Critical minerals such as lithium, cobalt, nickel, copper, rare earth elements, and platinum group metals are essential for modern technologies. They are key to industries ranging from electronics and telecommunications to renewable energy, defence, and aerospace systems.

The global demand for these minerals has been growing, as has the competition for them.

The supply and production of these minerals is largely concentrated in the global South. Most of the world’s cobalt is produced in the Democratic Republic of Congo (DRC). It produces almost three-quarters of the global cobalt output. Australia produces nearly half of the world’s lithium. Chile accounts for another quarter of global lithium production, with China following at 18%.

China dominates the supply chain through massive investments in mining operations, particularly in Africa.
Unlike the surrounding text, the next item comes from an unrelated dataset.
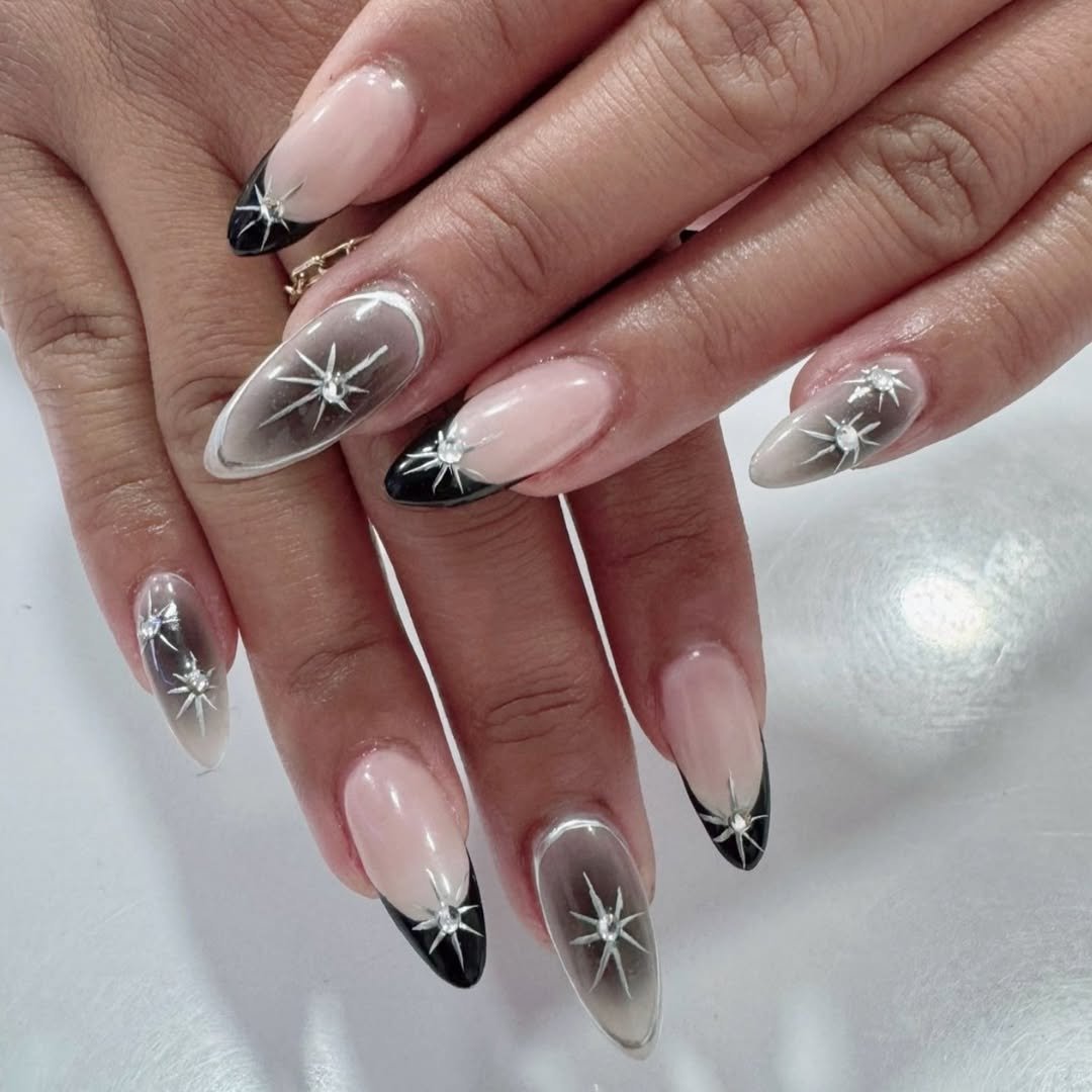 Smoky sheer bases fade into sharp black tips, finished with tiny starburst details that catch the light just enough. It feels sleek with a hint of cosmic drama.

It is responsible for refining 90% of rare earth elements and graphite, and 60-70% of lithium and cobalt. The United States and European Union — long-term trading partners with African nations — have also adopted policies to secure access to Africa’s resources.

The question is what African countries are doing to take advantage of this demand for these critical minerals, especially to drive their own development.
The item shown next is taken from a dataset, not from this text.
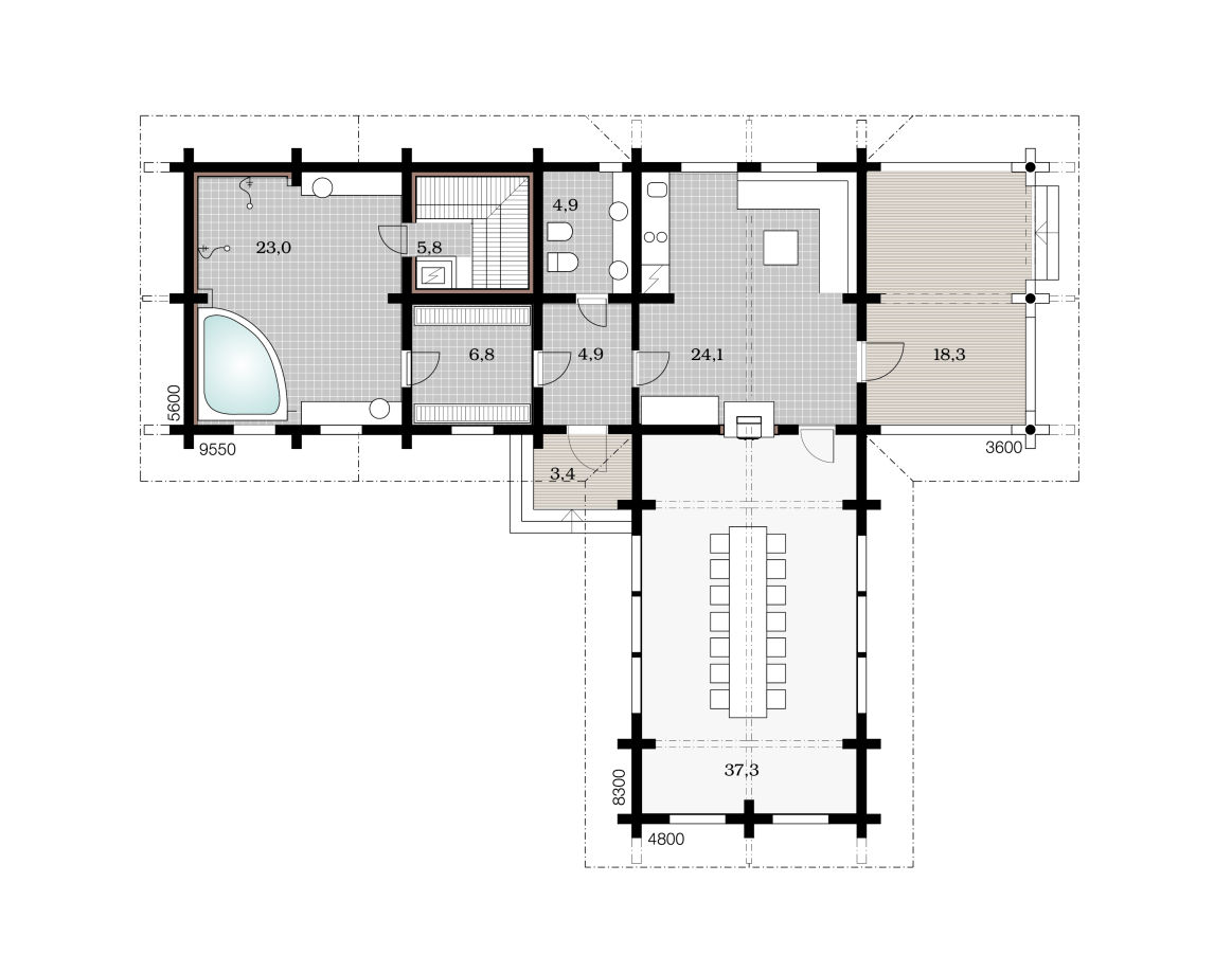 Kontio Zea is an impressive spa building with large spaces that are made for entertaining.

As development researchers we address this question in a special publication on the rising significance of critical minerals in Africa by the Indian Council of World Affairs. In another publication, we look at how emerging resource diplomacy may reinforce Africa’s position in the global economy as a mere source of raw materials.

We recommend that African countries determine for themselves how to benefit from this global competition. This includes developing national strategies that emphasise local value addition and benefits. Also, national strategies should begin positioning African countries to gain from their resources beyond value addition.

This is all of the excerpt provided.